What is required:
All lines from the one bearing "A rendering of" through the end of the data below must be printed exactly as they stand, with pictures removed.

Collected data:
▼

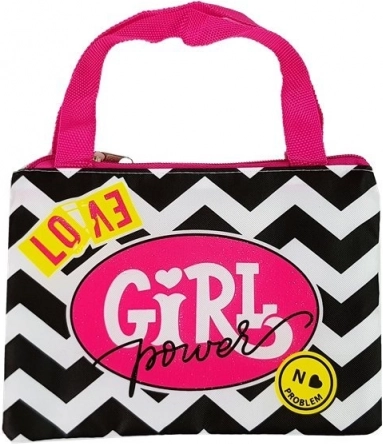 Piccola borsetta con motivo a zig-zag bianco e nero e scritta rosa 'Girl Power'.
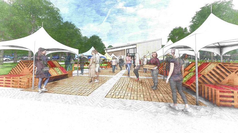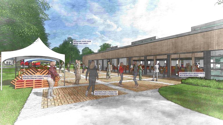A rendering of the west side of the pavilion building for the Chillicothe Farmers Market and other events.
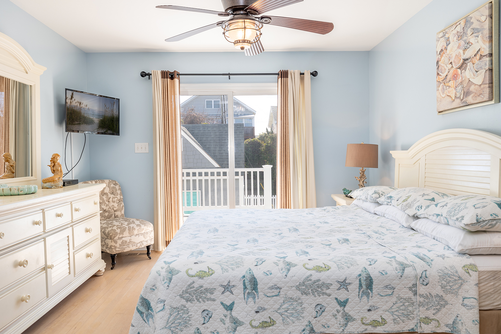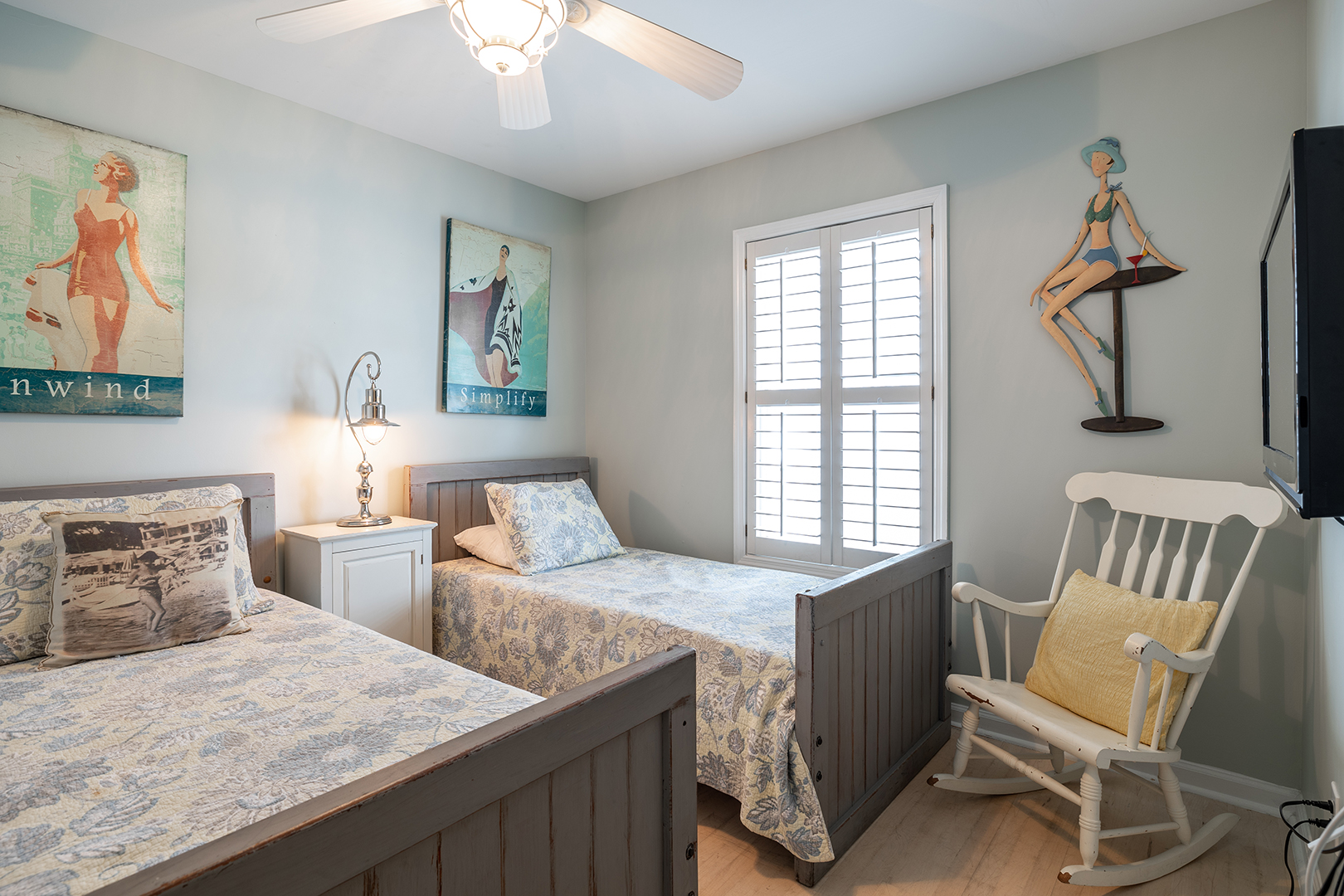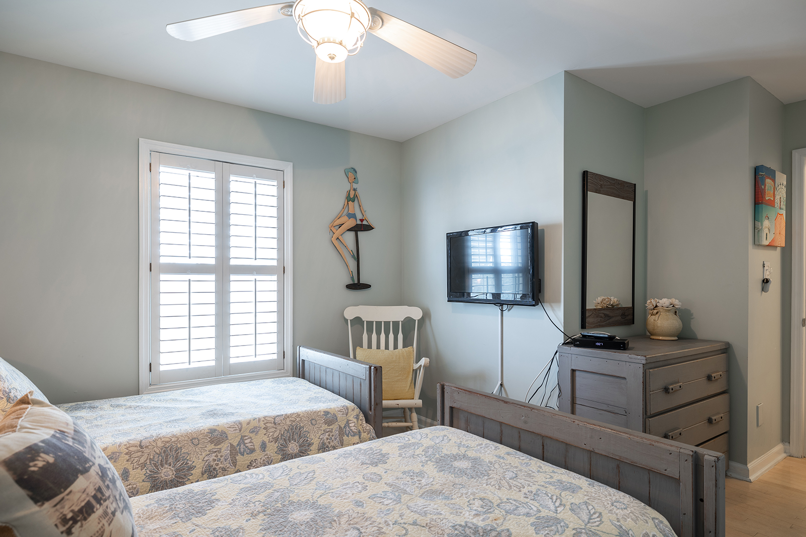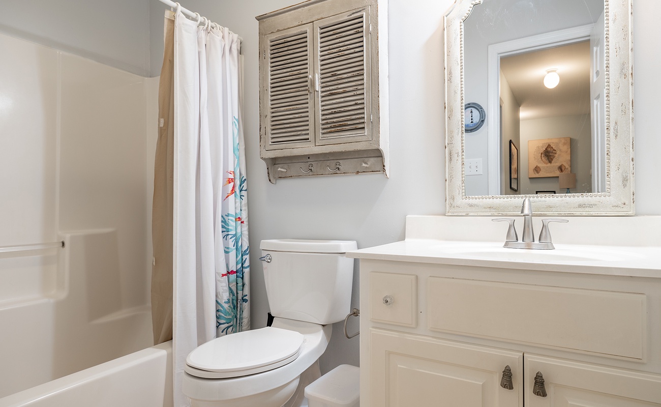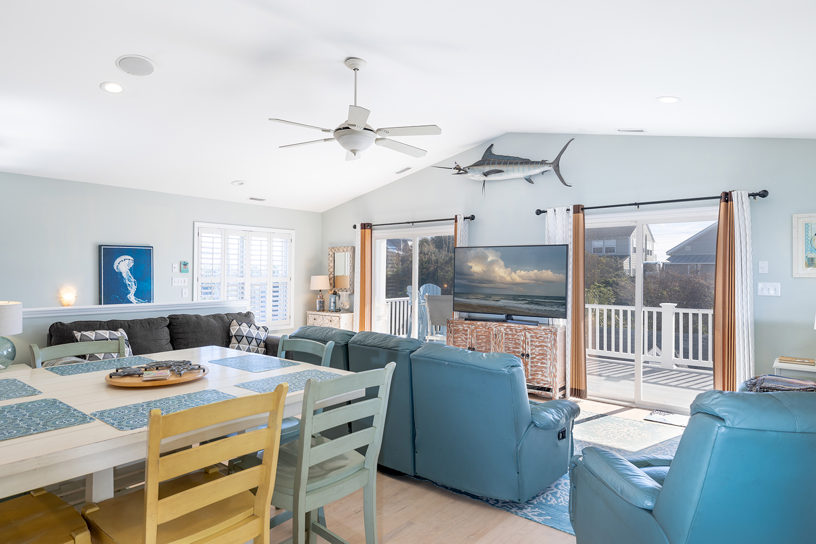 Prior guests have liked the reverse floor plan, where you enter the home in the foyer onto hardwood floors that feature an inlaid blue marlin fish. This leads to a bathroom in the hall with a shower and tub that is easily accessed by all 3 bedrooms with ceiling fans and storage. The first bedroom is beside the bathroom with twin beds and a wall-mounted flat-panel Smart TV. Then proceed down the hall to the 2nd bedroom with a queen bed, an armoire with a flat panel Smart TV, and access to the covered deck. At the end of the hall is a large primary suite with a king bed, ensuite bathroom with shower, wall-mounted flat panel Smart TV, and access to the covered deck (seating) with a staircase leading to the backyard.

▲

Output of the exercise:
A rendering of the west side of the pavilion building for the Chillicothe Farmers Market and other events.
 Prior guests have liked the reverse floor plan, where you enter the home in the foyer onto hardwood floors that feature an inlaid blue marlin fish. This leads to a bathroom in the hall with a shower and tub that is easily accessed by all 3 bedrooms with ceiling fans and storage. The first bedroom is beside the bathroom with twin beds and a wall-mounted flat-panel Smart TV. Then proceed down the hall to the 2nd bedroom with a queen bed, an armoire with a flat panel Smart TV, and access to the covered deck. At the end of the hall is a large primary suite with a king bed, ensuite bathroom with shower, wall-mounted flat panel Smart TV, and access to the covered deck (seating) with a staircase leading to the backyard.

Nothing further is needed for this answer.